If you've ever read a blog on trading when LSTMs came out, you'd have seen all sorts of weird stuff with predicting the price at t+1 on a very bad train/test split, where the author would usually say "it predicts t+1 with 99% accuracy compared to t", and the graph would be an exact copy with a t+1 offset.

So eye-balling the graph looks great, almost perfect even, until you realize that in real-time the model would've predicted yesterday's high on today's market crash and you'd have lost everything.

	▲	blitzar 2 hours ago \| parent [-]
		if you feed in price i.e. 280.1, 281.5, 281.9 ... you are going to get some pretty good looking results when it comes to predicting the next days price (t+1) with a margin of +/- a percent or so.

▲

throwawayffffas 4 hours ago | parent | prev [-]

To be fair to chartists, they try to identify if they are in a bear market or one is coming and get out early.

▲ micromacrofoot 3 hours ago | parent | prev | next [-]

probably hitching onto sycophancy for the parent company and getting lucky as a result... that Grok September rally aligns somewhat with TSLA for instance

▲ KPGv2 15 hours ago | parent | prev | next [-]

Also studying for eight months is not useful. Loads of traders do this well for eight months and then do shit for the next five years. And tellingly, they didn't beat the S&P 500. They invested in something else that beat the S&P 500. And the one that didn't invest in that something did worse than the S&P 500.

What this tells me is they were lucky to have picked something that would beat the market for now.

▲ seanmcdirmid 17 hours ago | parent | prev [-]

We had this discussion in previous posts about congressional leaders who had the risk appetite to go tech heavy and therefore outperformed normal congress critters.

Going heavy on tech can be rewarding, but you are taking on more risk of losing big in a tech crash. We all know that, and if you don't have that money to play riskier moves, its not really a move you can take.

Long term it is less of a win if a tech bubble builds and pops before you can exit (and you can't out it out to re-inflate).

▲

directevolve an hour ago | parent | next [-]

This is a wildly disingenuous interpretation of that study.
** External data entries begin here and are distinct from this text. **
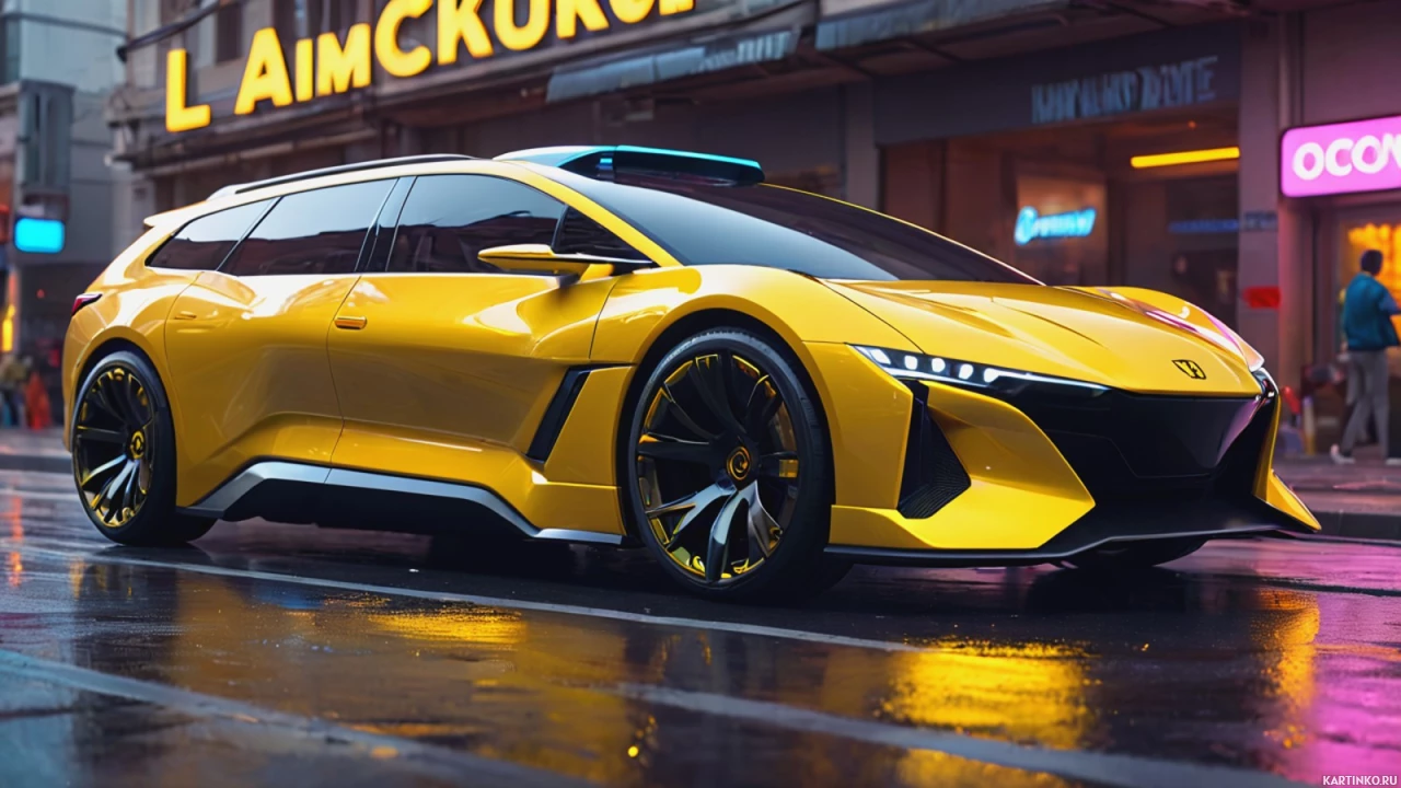 The image depicts a yellow Lamborghini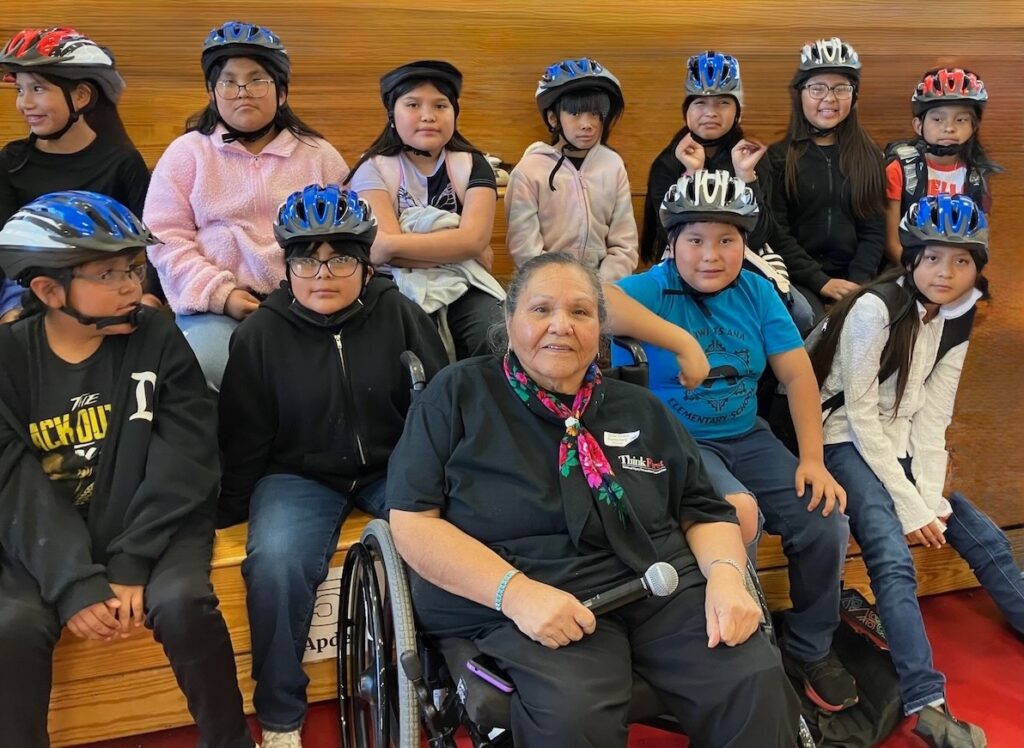 Cecelia Fred with students wearing new sports helmets at Zuni (Shiwi Tsana) Elementary School in Zuni, NM. Helmets provided by the NM Governor’s Commission on Disability.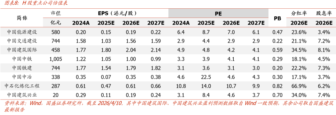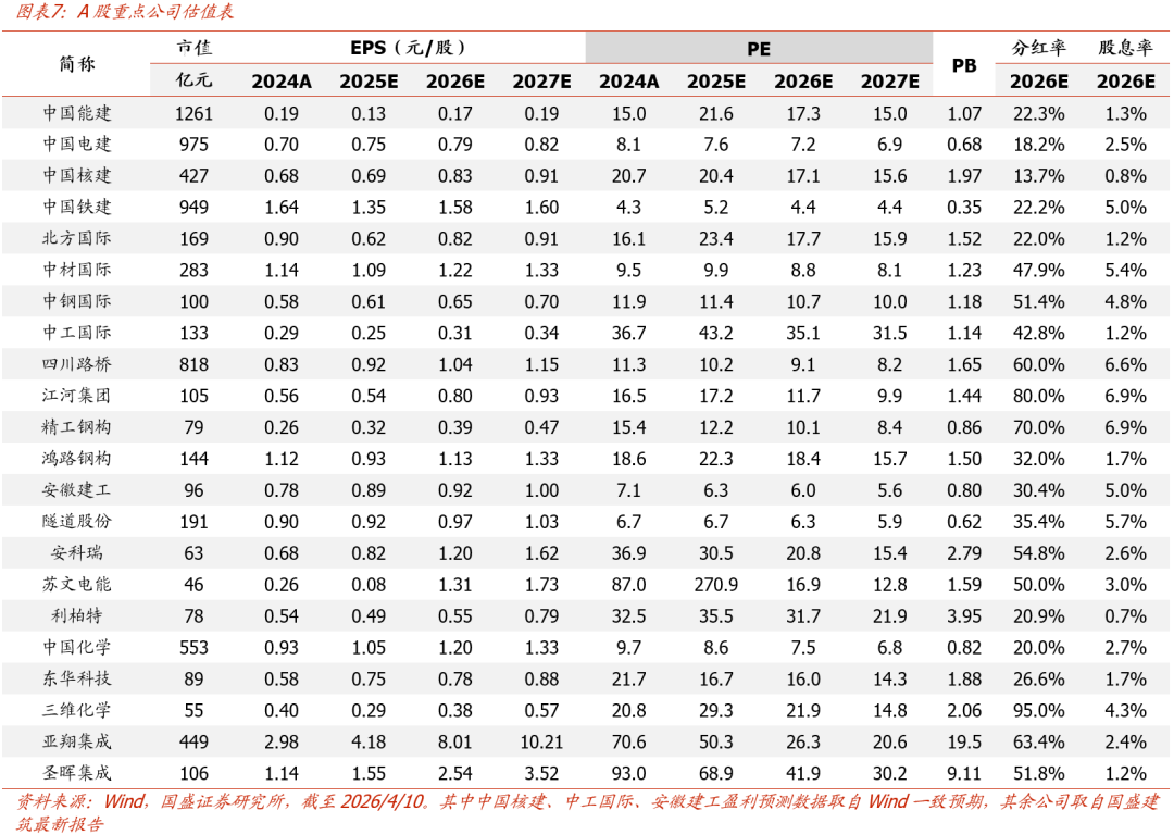美以对伊战争停火谈判启动但变数犹存,能源自主可控仍是长期重点投资方向,继续核心推荐:1)煤化工:重点推荐拥有实业的煤化工EPC龙头中国化学(26PE 7.5X)、东华科技(26PE 16X);2)新型电力系统及绿色能源 :重点推荐和关注电力能源综合服务龙头中国能建(H股26PE 7X,PB 0.47X)与中国电建(26PE 7.2X,PB 0.68X);核电建设龙头中国核建(26PE 17X),企业微电网龙头安科瑞,稀缺配网一站式服务商苏文电能(26PE 17X)。若后续停战落地,则国际工程公司有望受益于中东战后重建,重点推荐国际工程龙头北方国际(有望同时受益“煤价/电价/战后重建”三重逻辑共振,26PE 18X)、中材国际(26PE 8.8X,26E股息率5.4%)、中钢国际(26PE 11X)、中工国际(26PE 35X),以及能源化工工程龙头中石化炼化工程(26PE 11X,26E股息率6.2%)、钢结构出海龙头精工钢构(26PE 10X,26E股息率6.9%),全球高端幕墙龙头江河集团(26PE 12X,26E股息率6.9%)。洁净室方向看好优质台资出海龙头亚翔集成、圣晖集成及受益大陆需求改善的柏诚股份。此外还推荐优质成长股龙头鸿路钢构(26PE 18X)、利柏特(26PE 32X)、东南网架。

“ Using transaction-level data on US congressional stock trades, we find that lawmakers who later ascend to leadership positions perform similarly to matched peers beforehand but outperform them by 47 percentage points annually after ascension. Leaders’ superior performance arises through two mechanisms. The political influence channel is reflected in higher returns when their party controls the chamber, sales of stocks preceding regulatory actions, and purchase of stocks whose firms receiving more government contracts and favorable party support on bills. The corporate access channel is reflected in stock trades that predict subsequent corporate news and greater returns on donor-owned or home-state firms.”

https://www.nber.org/papers/w34524

▲

hobobaggins 17 hours ago | parent | prev [-]

They didn't just outperform "normal" congress critters.. they also outperformed nearly every hedge fund on the planet. But they (meaning, of course, just one person and their spouse) are obviously geniuses.

▲

Guillaume86 2 hours ago | parent | next [-]

They also outperformed themselves before being in a leader position...

▲

stouset 16 hours ago | parent | prev | next [-]

Hedge funds’ goals are often not to maximize profit, but to provide returns uncorrelated with the rest of some benchmark market. This is useful for the wealthy as it means you can better survive market crashes.

▲

seanmcdirmid 17 hours ago | parent | prev [-]

Hedge funds suck though. They don’t invest in FAANG, they do risky stuff that doesn’t pay off, you are still comparing incomparable things.

I’m obviously a genius because 90% of my stock is in tech, most of us on HN are geniuses in your opinion?

▲

cap11235 16 hours ago | parent [-]

What do you think hedge funds do?

	▲	seanmcdirmid 16 hours ago \| parent \| next [-]
		They use crazy investment strategies that allow them to capture high returns in adverse general market conditions, but they rather under perform the general market in normal and booming conditions. “Hedge” is actually in their name for a reason. Rich people use hedge funds for…hedging.
	▲	mvkel 4 hours ago \| parent \| prev [-]
		Downside protection. Hedging. Giving you gains at the lowest beta possible.